McGrath has announced Underlying EBITDA of $4.8 million for the first half at the top end of the range2 of the trading update provided in November 2023 – a 42% increase over previous corresponding period.
McGrath has announced Underlying EBITDA of $4.8 million for the first half at the top end of the range2 of the trading update provided in November 2023 – a 42% increase over previous corresponding period.
Net profit after tax for the period rose from $1.8 million to $7.5million, up $5.7 million which includes the sale on selected offices and rent rolls, as well as a lift in the value of the company’s investments.
Managing Director and CEO, Mr John McGrath, said “We are delighted with the result as it reflects the focus of our management team, outstanding agents and our strong brand – factors which have seen McGrath’s market share continuing to grow in our key markets.
“We are also showing strong momentum in the delivery of our key strategies announced in the last financial year. An increase in our franchise offices is delivering a more stable income based on a fixed percentage of total sales commissions.
“We have also upgraded the tools and technology to keep our agents at the top of their game, with the release of our agent app, an enhanced and new website and a brand redesign, all of which will better serve our agents and clients”, added Mr McGrath.
McGrath continues to be in a strong financial position, with currently approximately $26 million in cash (which is after $5.6 million worth of dividends paid in September 2023) and no debt.
1 Pre-adoption of new AASB 16 Leasing standard and not including gain on sale of business 2 H1 Underlying EBITDA range provided in November 23 at $4.5m -$5m Net assets, including management’s estimate value of the property management rights not recorded on the balance sheet, are 54c per share.
The company has declared a 1.5c per share, fully franked interim dividend and a 1.5c per share fully franked special dividend, payable from proceeds from the sale of selected company owned offices and rent rolls to be paid on March 12, 2024. In addition, the company will consider further capital management opportunities as additional proceeds from the sale of some of the company owned offices and property management rent rolls are received.

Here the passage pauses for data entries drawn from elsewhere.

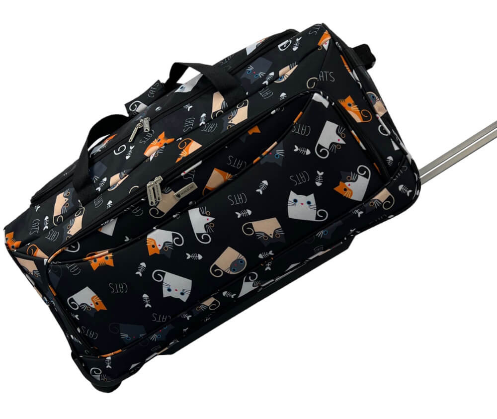Эта модель с уникальным принтом изготовлена из полиэстера – прочного износостойкого материала. Сумка оснащена двумя бесшумными колесами, которые утоплены в корпус, и выдвижной ручкой. Кроме основного отдела, сбоку имеется длинный карман. Сумку удобно как везти на колесах, так и нести в руке – для этого есть еще две ручки.
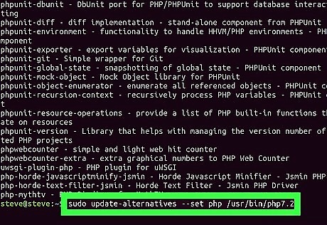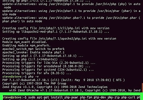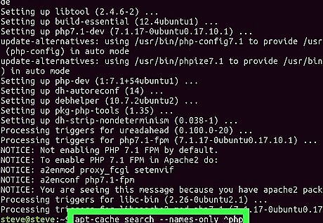 Install common PHP modules if needed. If you're working with PHP in an environment that requires add-ons, you can install commonly used ones by entering the following code into Terminal and then pressing Y and pressing ↵ Enter: sudo apt-get install php-pear php-fpm php-dev php-zip php-curl php-xmlrpc php-gd php-mysql php-mbstring php-xml libapache2-mod-php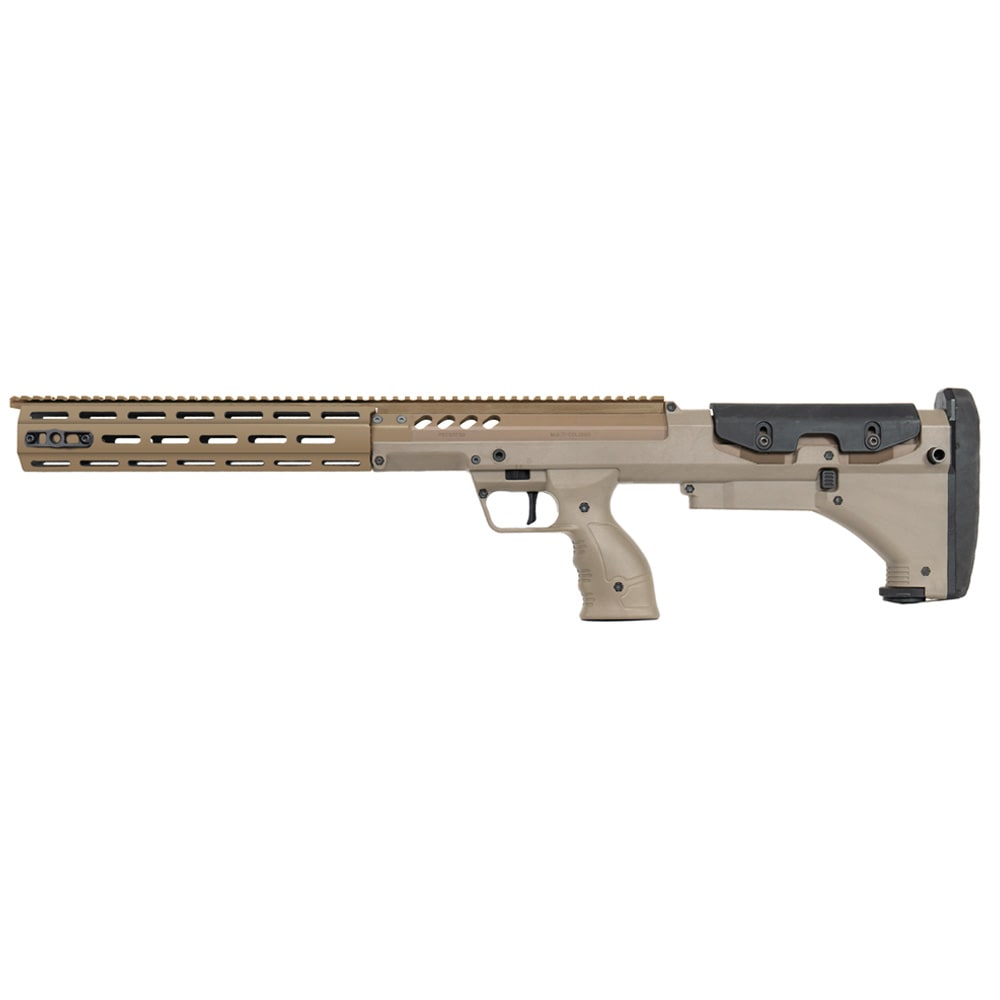 The Desert Tech SRSA2 Covert SD FDE/FDE Chassis System is the core bullpup chassis for building a compact precision rifle based on the SRS-A2 platform, finished in a flat dark earth/flat dark earth color scheme. Designed around a bolt-action layout with a highly modular architecture, it features a field match flat trigger adjustable from about 1.5 lb to 7 lb, an M-LOK-equipped handguard with integral tripod attachment points, and provisions for a monopod and standard scope mounts. The chassis itself measures approximately 4.45 in in width and 7.83 in in height, and while weight varies by configuration, comparable covert chassis sections are around 8.0 lb to 8.3 lb before barrel and accessories. When completed with a barrel, overall length typically ranges from about 27 in to 29 in depending on barrel choice. Sold as a chassis system only, it does not include barrel, bolt, magazine, or optics, but it supports Desert Tech’s quick-change barrels and caliber conversion kits for multi-caliber flexibility and compact long-range performance.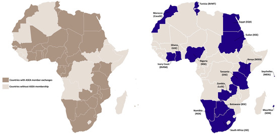 (left) African Securities Exchanges Association (ASEA) member exchanges, adapted from Raubenheimer [30], and (right) selected countries in the study.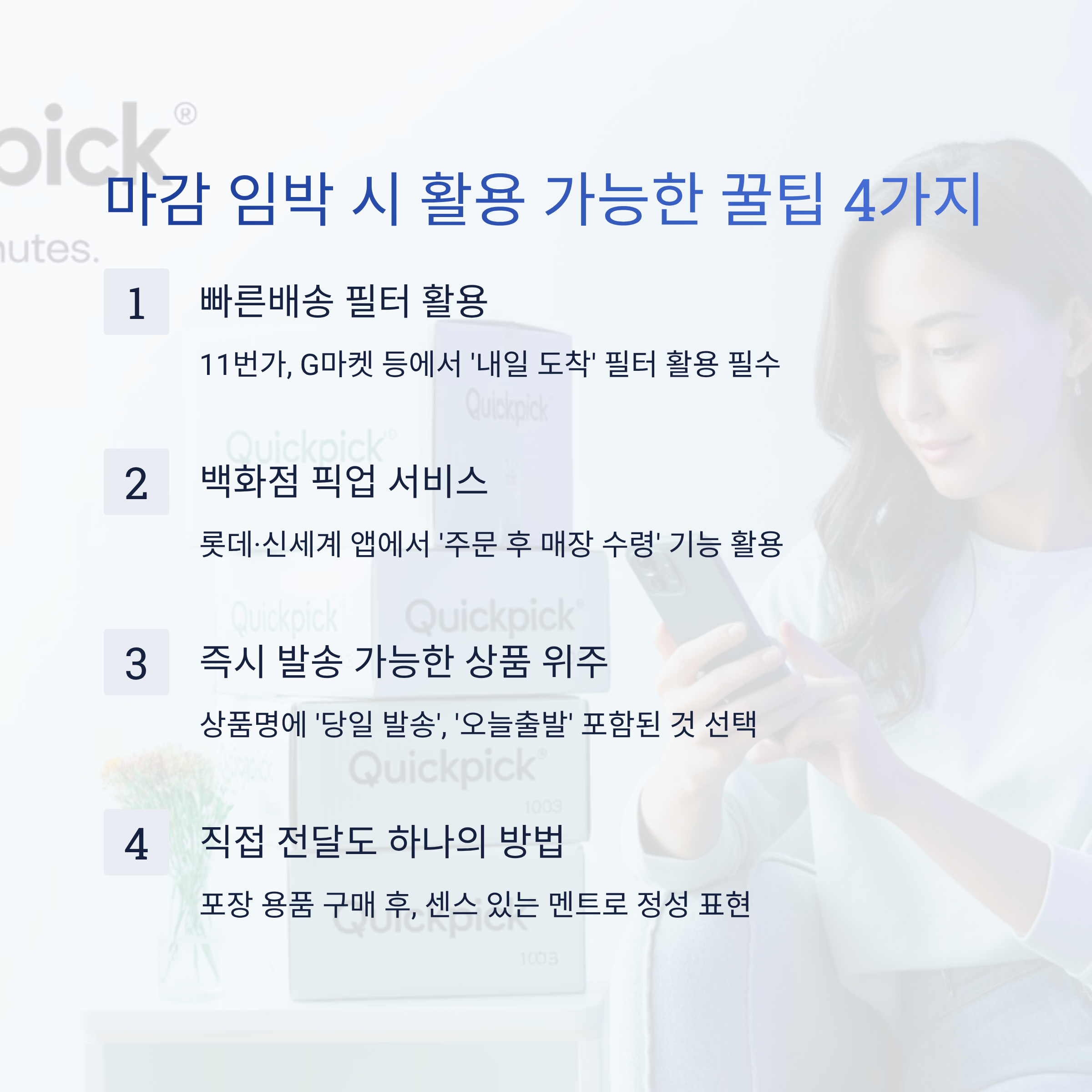 | ✅ 빠른배송 필터 활용 | 11번가, G마켓 등에서 ‘내일 도착’ 필터 활용 필수 |

Mr McGrath said, “Despite economic headwinds and global uncertainty, the property market appears stable and in most areas prices continue to trend upwards. Our growth moving forward will be driven by increased agent productivity and more offices joining the group which will deliver increasing market share.
“We have seen good listing volumes to the start of the calendar year and we are in great shape to continue our momentum”, he concluded.
Authorised for release by McGrath Board of Directors.